Qual era il suo sogno da bambino?

«La mia più grande aspirazione è sempre stata quella di potermi esprimere liberamente seguendo le orme dei grandi pionieri – in diverse arti e discipline – tra cui Chaplin, Prince, Michael Jackson, Nikola Tesla e ultimo, ma non certo in ordine di importanza, David Copperfield».

Quando ha intuito che il mago e l'illusionista sarebbero diventati la sua professione?

«Si dice che i due giorni più importanti della vita siano quello in cui sei nato e quello in cui ne capisci il perché. Quando a scuola ho scoperto di essere più celebre perché facevo sparire i bigliettini per copiare nei compiti in classe invece di esserlo tra le ragazze, ho capito che avevo più talento per la magia che per il corteggiamento. Poi ho utilizzato la magia per far colpo anche sulle ragazze, ma quella è un’altra storia...».

Ha incontrato delle difficoltà durante il suo percorso?

«Certo. Il percorso che porta al traguardo è tortuoso ed è facile perdersi d’animo dopo un insuccesso, ma non mi sono mai fatto bloccare dai problemi».

Come si diventa mago?

«Esistono molti modi per imparare i primi trucchi di magia. Quello che consiglio, è di cercare nella propria città un club magico, ovvero un posto in cui i prestigiatori si riuniscono, e di frequentarlo il più possibile».

Com'è nato il progetto per il musical Ghost?

«Dopo aver curato gli effetti speciali del musical Mary Poppins, si è capito quanto tali effetti potessero cambiare il volto di uno spettacolo...».

Quali consigli darebbe ad un giovane per coltivare questo sogno?

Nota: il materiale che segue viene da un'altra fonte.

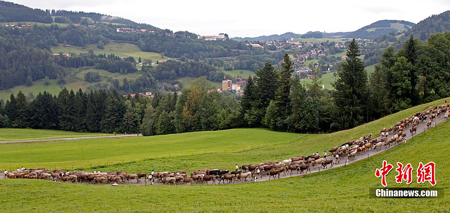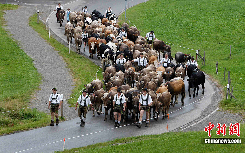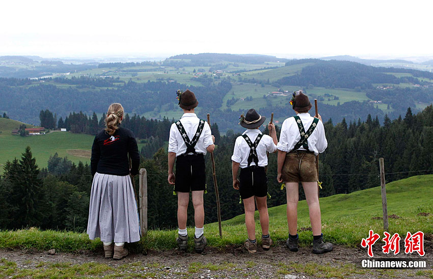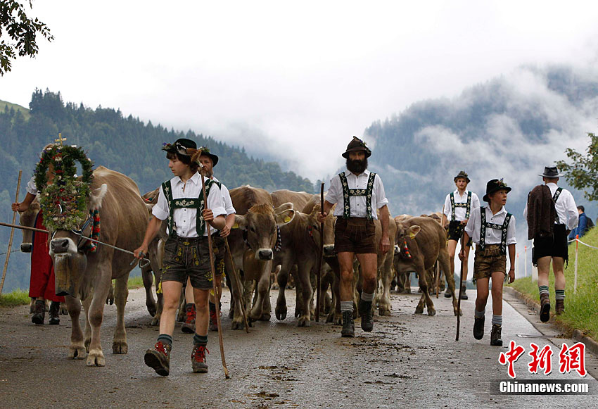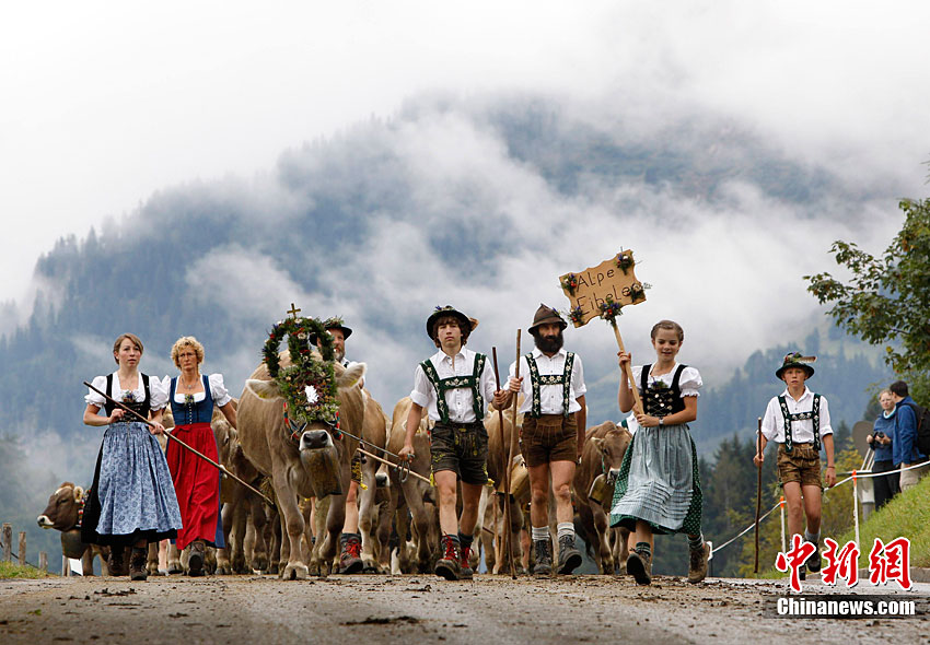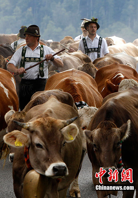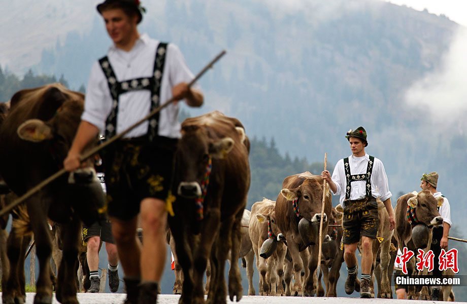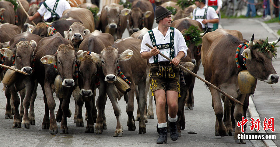 當(dāng)?shù)貢r間9月10日,德國奧博斯托芬舉行傳統(tǒng)的趕牛儀式。在山上待了一個夏天后,超過1200頭;氐缴焦,當(dāng)?shù)厝藭岩粋牛頭進行裝飾,以此紀(jì)念牛群安全歸來。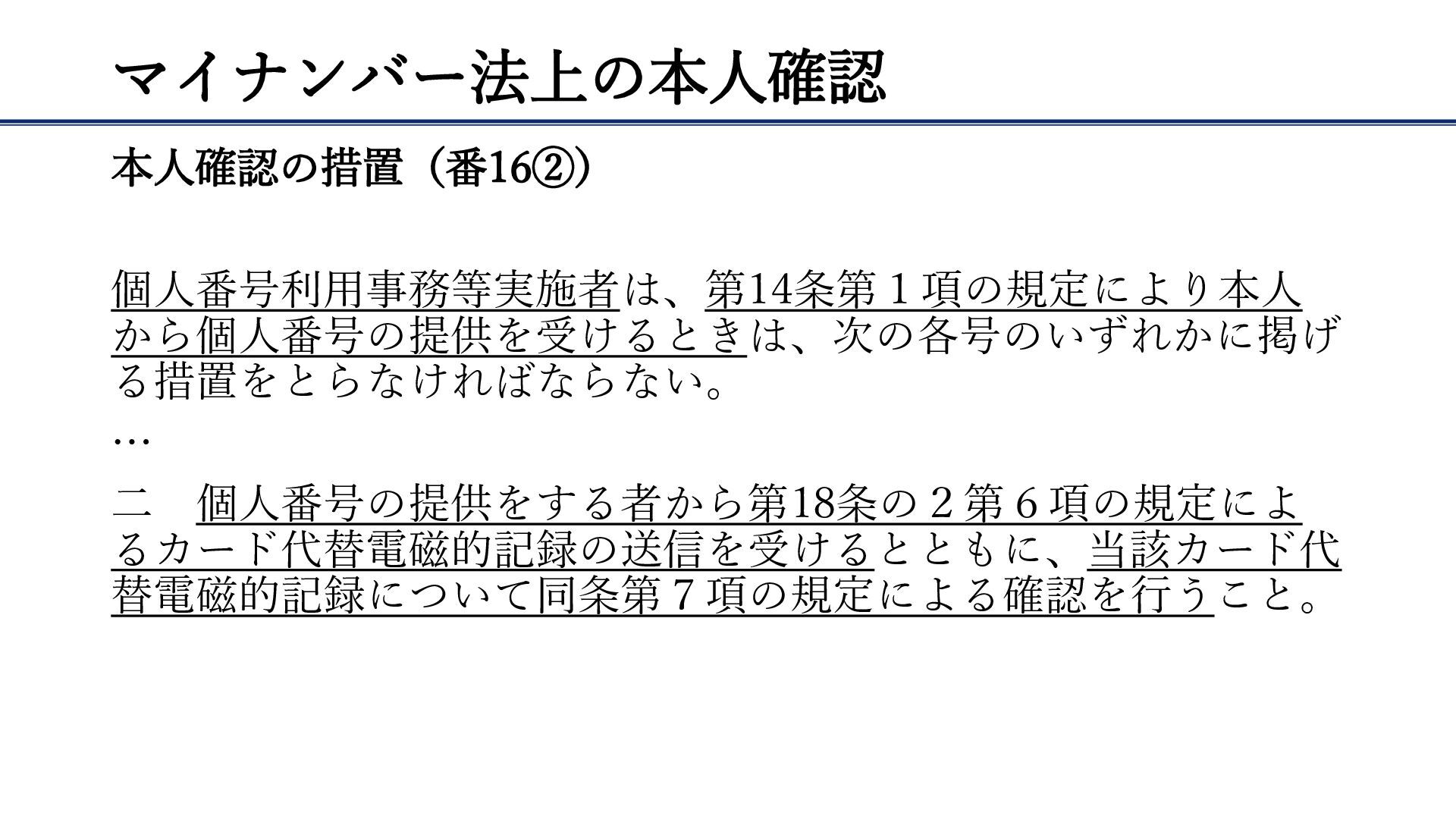 マイナンバー法上の本人確認 本人確認の措置(番16②) 個人番号利用事務等実施者は、第14条第1項の規定により本人 から個人番号の提供を受けるときは、次の各号のいずれかに掲げ る措置をとらなければならない。 … 二 個人番号の提供をする者から第18条の2第6項の規定によ るカード代替電磁的記録の送信を受けるとともに、当該カード代 替電磁的記録について同条第7項の規定による確認を行うこと。

«Consiglierei di coltivare qualunque sogno. Da bambino dicevo a tutti che avrei voluto volare, ma ovviamente non sono stato creduto».

I suoi progetti futuri?

«Sto preparando un tour per la fine dell’anno ed in contemporanea sto lavorando con Sara, la mia partner in scena e nella vita da 12 anni, agli effetti speciali di un nuovo musical sulla vita di Houdini che debutterà l’anno prossimo a Detroit negli USA».